Easter is beyond my favorite holiday. The spring season, the meaning, the feeling it brings inside me–everything about it just cleanses me and gives me an ignited appreciation for life and all the little things it brings. I love Easter with all my heart, and why wouldn’t I when this holiday reminds people of new life and rebirth and hope? I must admit to feeling emotional on Easter. It’s embarrassing to admit, but I usually tear up in Church. This Easter I have even more “feels” in me. One of my favorite Easters was a few years back to my freshman year when I was warmly invited to spend Easter with Jessi and her wonderful family.Many of you that are familiar with my blog are use to seeing the picture above. It is one of my very favorites of Jessi and I. It was on Easter day when we went to her uncle’s house for Easter brunch. Her family made me feel so welcome and loved as always. It was so nice to feel this especially when I start getting homesick during the spring season (it’s inevitable, I’m homesick even now). The day before, Jessi and I dyed eggs, whipped up a special, improvised dessert and tried saving a cake bunny.
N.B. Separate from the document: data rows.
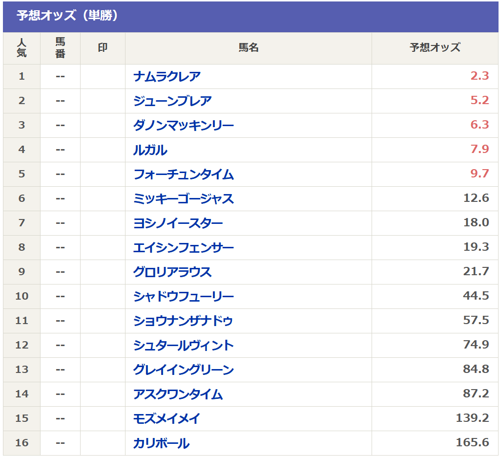 そして現在のnetkeibaさんの予想オッズは以下の通りです。
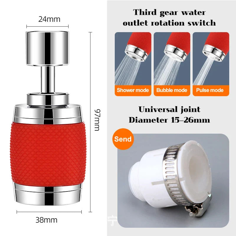 ديكوربايتس™، مهوية صنبور مطبخ من الألومنيوم بثلاثة أوضاع | فلتر فوهة موفر للمياه بزاوية 360 درجة
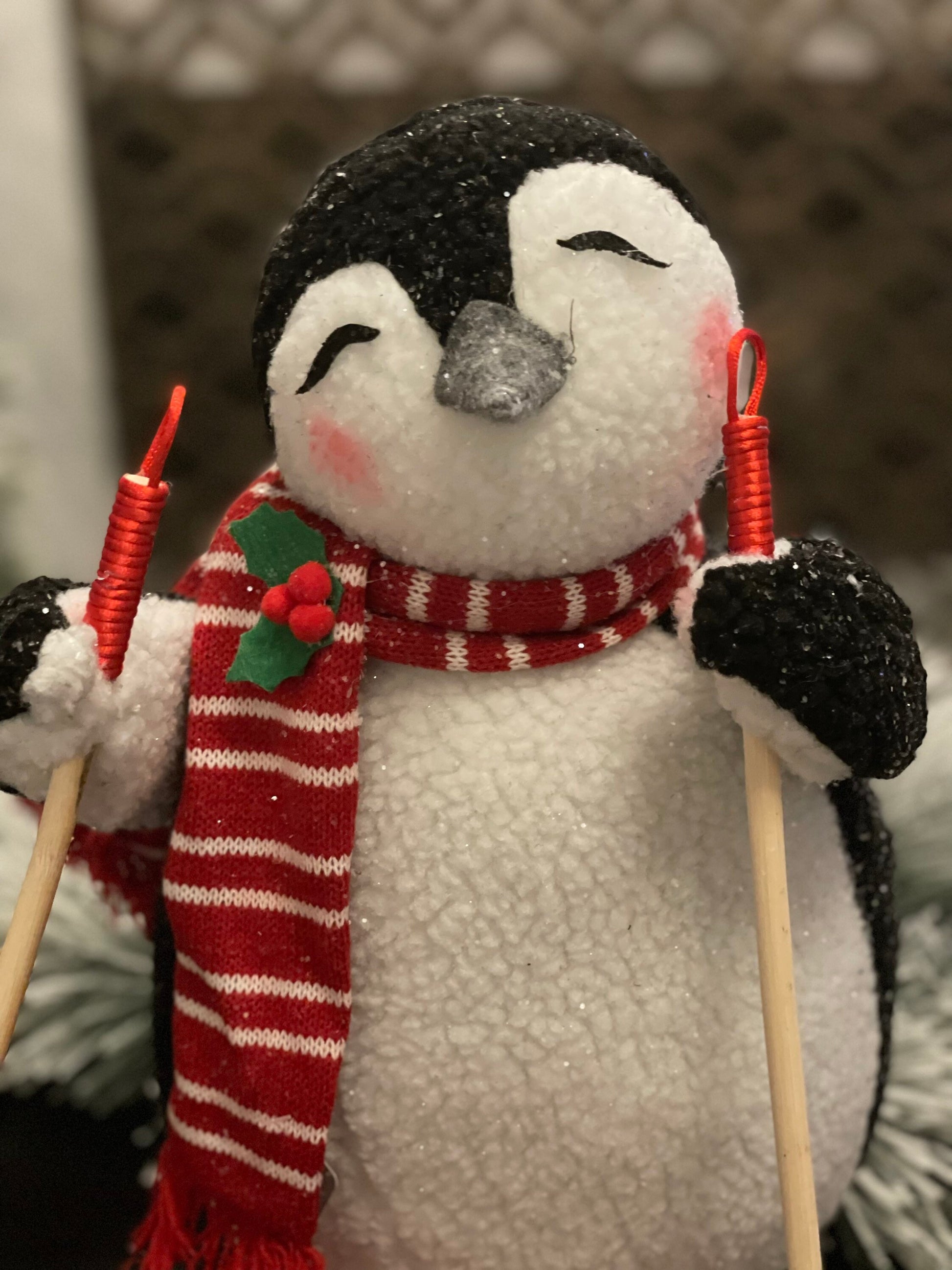 15.75" Skiing penguin. Set of 2. Glitter and fabric. So cute!
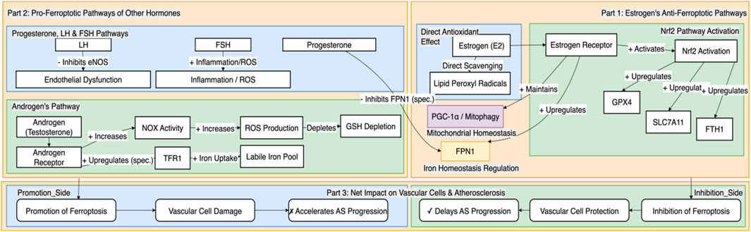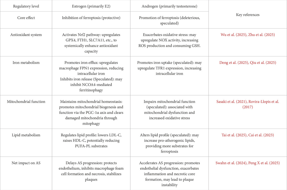 Connecting the significant sex differences in AS with this recently identified cell death modality of ferroptosis leads to a critical scientific question: Do sex hormones, as major biological determinants of sexual dimorphism, influence the sex-specific clinical progression of AS by directly or indirectly regulating the molecular machinery of ferroptosis? Although the macroscopic effects of sex hormones on the cardiovascular system (Swahn et al., 2024) and the independent role of ferroptosis in AS (Xu et al., 2024; Jinso et al., 2025) have been extensively studied, there is a scarcity of research that systematically elucidates the intrinsic molecular links between the two. For example, evidence has shown that low testosterone levels in men are significantly associated with endothelial dysfunction and increased arterial stiffness (Sakamuri et al., 2024), while other studies have observed a close relationship between sex hormone levels and markers of vascular inflammation (Souza et al., 2023). These findings provide evidence that sex hormones regulate the progression of AS by influencing vascular function and inflammation.

Easter morning, we looked for our hidden Easter baskets that Mama Dillon lovingly made for us all (they were even healthy baskets filled with trinkets, dark chocolate, dried fruits and nuts. It was all so thoughtful. After a beautiful church service, we headed to her cousins’ in Colorado Springs with our “Bird’s Nests” desserts in hand. I’ll have to post this special recipe sometime. It was Jessi and I’s own creation after collecting ideas from around the web (Pinterest). I’m starting to laugh/cry now as I remember the Bunny Cake incident…
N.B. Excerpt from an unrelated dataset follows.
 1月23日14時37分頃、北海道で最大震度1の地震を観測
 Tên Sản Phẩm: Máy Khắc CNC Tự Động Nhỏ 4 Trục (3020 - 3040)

Jessi’s mom worked very patiently on making this cute bunny cake. But for some reason, the bunny was not having it. It caved in at points and was difficult to assemble together. Jessi and I did not give up though, and we were determined to fix the bunny and bring it to life by patching it up with LOADS of icing. We were so proud of our handy work and the bunny looked like new–that is, until we saw what happened the next morning…
The bunny cake couldn’t hold up to that much icing we used for repairs and ultimately, just collapsed in a sad, sad tragedy. As sad as it was, we couldn’t help but giggle. I will never forget that Easter. I remember it all from our drive down to Jessi’s home and stopping at Sprouts for my first trip there, to spending the weekend with her family and cherishing our blossoming friendship.
There isn’t a day that goes by that Jessi doesn’t pop into my mind at some point. It’s been occurring a lot more lately. Maybe because of happy Easter memories or the looming date fast approaching next month. It’s almost been a full year since I lost my best friend and I still am stricken with fresh grief whenever the memories come flooding in from time to time. But for some reason, Easter calms me. It reminds me even more that Jessi is with her Savior and the greatest love of her life. She loved Jesus and God with a passion that not many hold. When I think about Jessi in Heaven, it’s hard to continue being sad because I know she is in her ultimate bliss. She is protected by her Father and his Son and she gets to celebrate Easter and understand it in the highest of ways.
Celebrate this Easter remembering the reason, the rebirth, the cleansing, the purity that is Jesus. I know I will.
Live life with heart, health and happiness this Easter and rejoice!